== WHAT NEEDS TO BE DONE ==
For the material that follows, return exactly the lines from the one with "Drei Elisabethpfade führen" through the one with "Herzlich laden wir", both ends included.

== EXERCISE MATERIAL ==
[Start of Attachment]
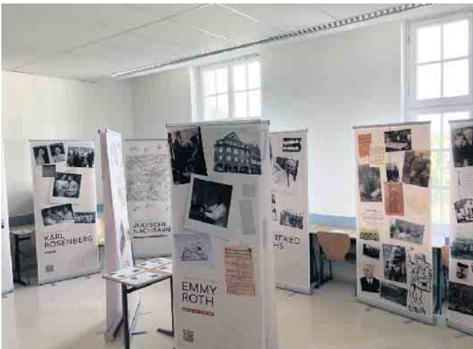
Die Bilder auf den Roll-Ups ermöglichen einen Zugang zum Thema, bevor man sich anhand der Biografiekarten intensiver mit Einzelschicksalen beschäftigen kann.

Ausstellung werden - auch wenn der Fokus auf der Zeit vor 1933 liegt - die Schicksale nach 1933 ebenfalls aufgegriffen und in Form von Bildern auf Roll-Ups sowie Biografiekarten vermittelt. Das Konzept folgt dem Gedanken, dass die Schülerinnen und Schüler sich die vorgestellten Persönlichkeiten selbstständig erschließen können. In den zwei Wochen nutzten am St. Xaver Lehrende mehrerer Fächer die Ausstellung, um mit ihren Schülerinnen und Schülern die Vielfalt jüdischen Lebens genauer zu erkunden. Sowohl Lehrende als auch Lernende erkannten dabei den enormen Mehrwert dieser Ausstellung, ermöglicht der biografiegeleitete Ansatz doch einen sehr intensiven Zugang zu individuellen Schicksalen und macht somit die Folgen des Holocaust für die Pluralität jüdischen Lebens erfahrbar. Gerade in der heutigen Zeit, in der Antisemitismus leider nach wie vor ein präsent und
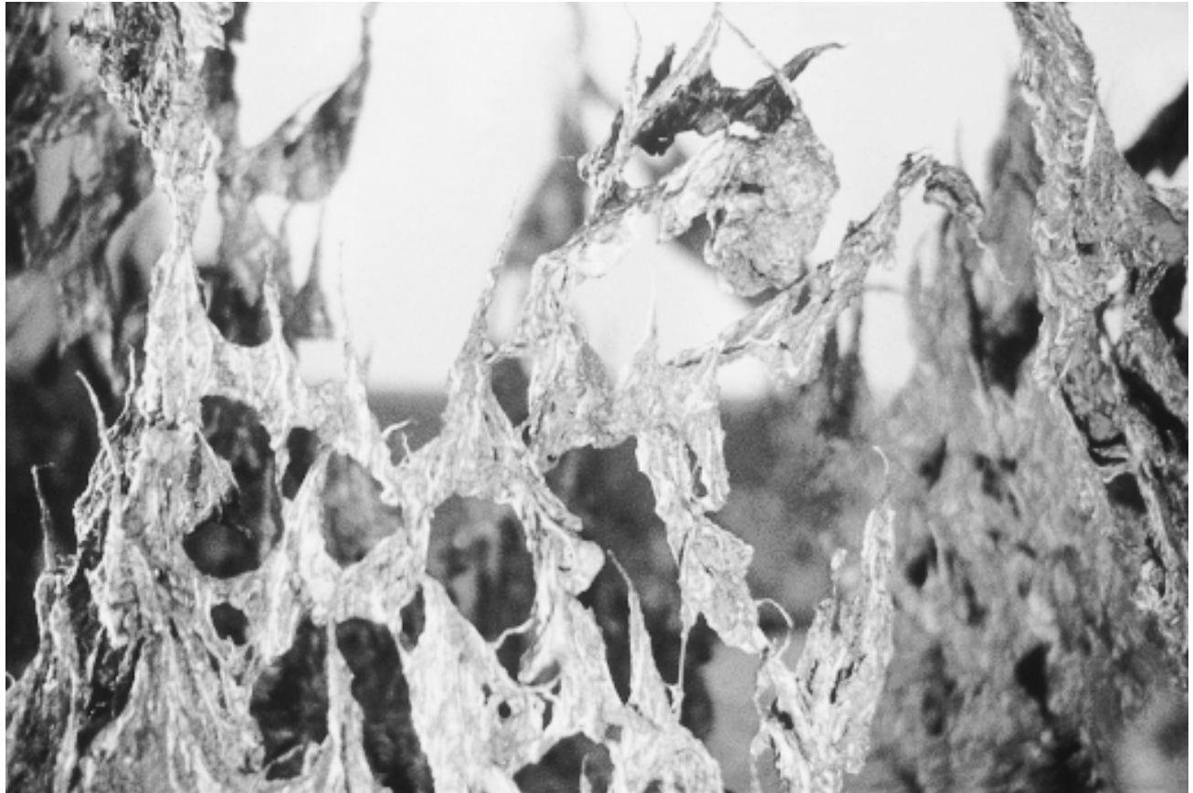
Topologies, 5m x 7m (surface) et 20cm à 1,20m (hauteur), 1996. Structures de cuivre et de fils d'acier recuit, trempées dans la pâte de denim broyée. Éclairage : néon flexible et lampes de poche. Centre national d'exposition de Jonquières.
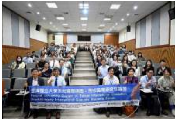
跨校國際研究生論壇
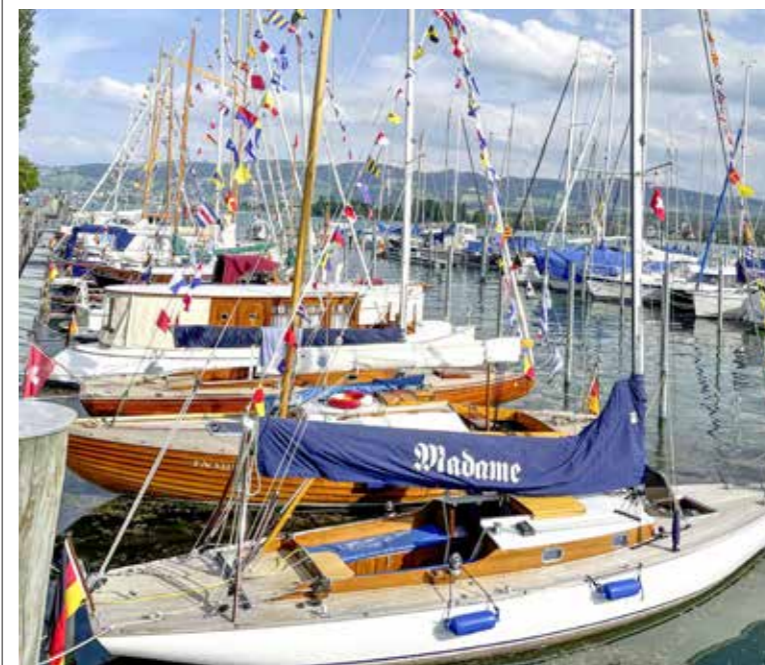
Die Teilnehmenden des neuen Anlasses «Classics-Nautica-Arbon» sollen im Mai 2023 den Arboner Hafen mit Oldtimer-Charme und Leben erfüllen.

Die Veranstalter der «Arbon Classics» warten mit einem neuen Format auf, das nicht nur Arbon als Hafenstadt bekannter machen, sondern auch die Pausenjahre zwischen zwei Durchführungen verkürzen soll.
[End of Attachment]
[Start of Attachment]
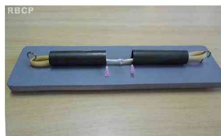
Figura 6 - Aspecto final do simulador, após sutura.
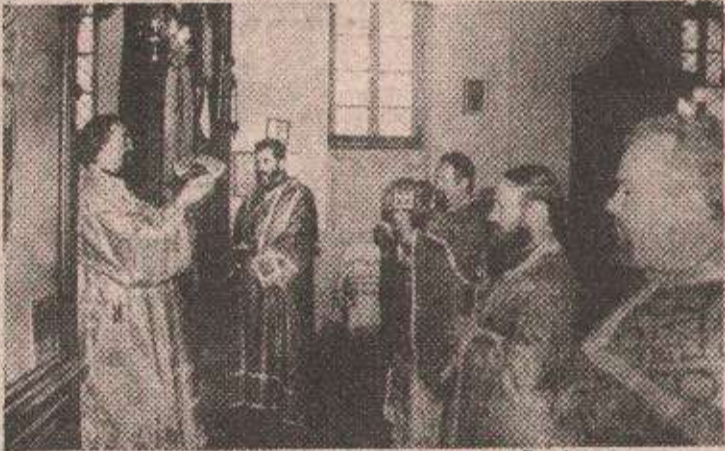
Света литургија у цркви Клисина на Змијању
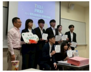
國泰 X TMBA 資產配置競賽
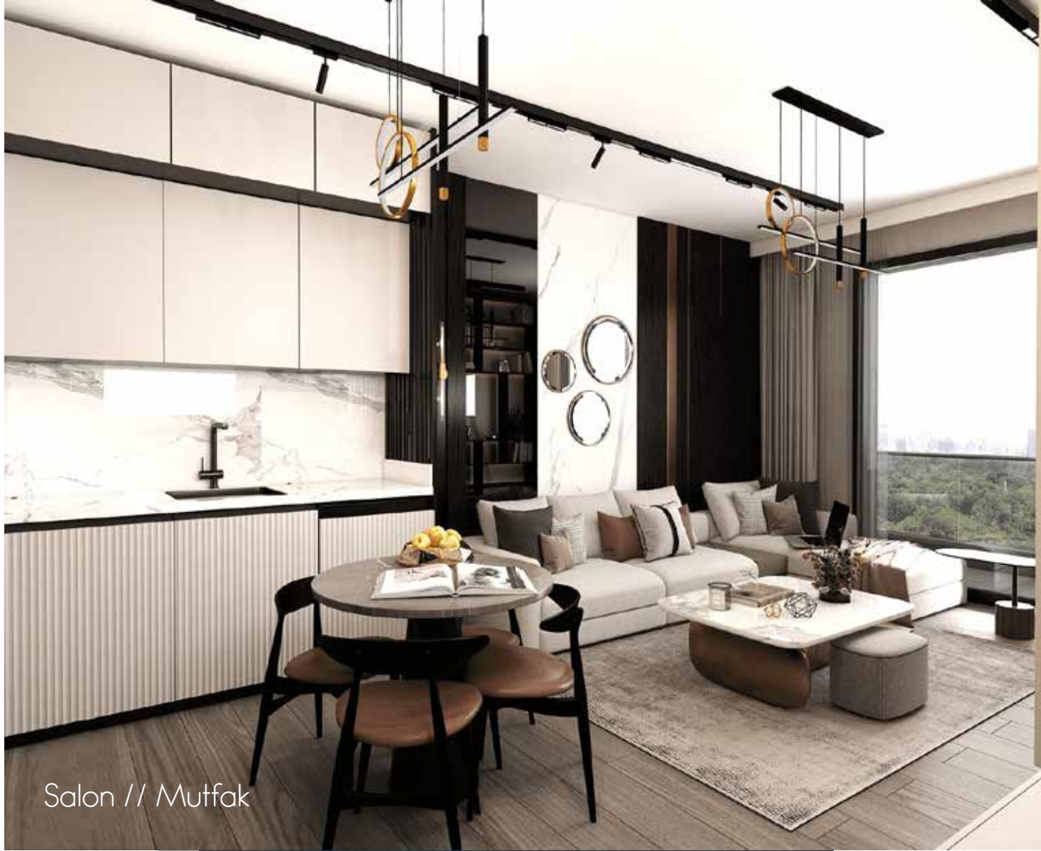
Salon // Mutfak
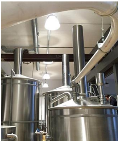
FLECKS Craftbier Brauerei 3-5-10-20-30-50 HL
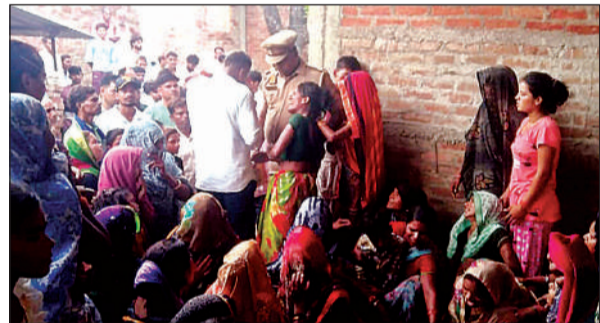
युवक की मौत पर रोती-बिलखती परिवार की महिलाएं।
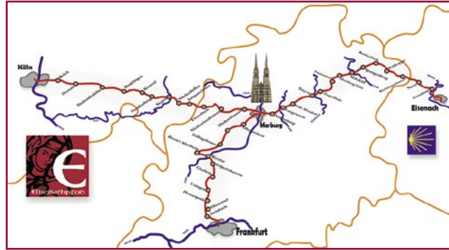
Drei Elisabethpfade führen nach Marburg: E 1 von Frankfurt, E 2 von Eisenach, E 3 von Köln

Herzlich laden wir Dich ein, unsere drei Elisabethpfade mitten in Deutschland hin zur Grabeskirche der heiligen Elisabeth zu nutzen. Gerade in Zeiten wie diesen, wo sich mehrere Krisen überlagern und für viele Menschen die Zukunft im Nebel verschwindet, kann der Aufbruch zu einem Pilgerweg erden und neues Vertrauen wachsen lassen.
[End of Attachment]
== PROBLEM SOLUTION ==
Drei Elisabethpfade führen nach Marburg: E 1 von Frankfurt, E 2 von Eisenach, E 3 von Köln

Herzlich laden wir Dich ein, unsere drei Elisabethpfade mitten in Deutschland hin zur Grabeskirche der heiligen Elisabeth zu nutzen. Gerade in Zeiten wie diesen, wo sich mehrere Krisen überlagern und für viele Menschen die Zukunft im Nebel verschwindet, kann der Aufbruch zu einem Pilgerweg erden und neues Vertrauen wachsen lassen.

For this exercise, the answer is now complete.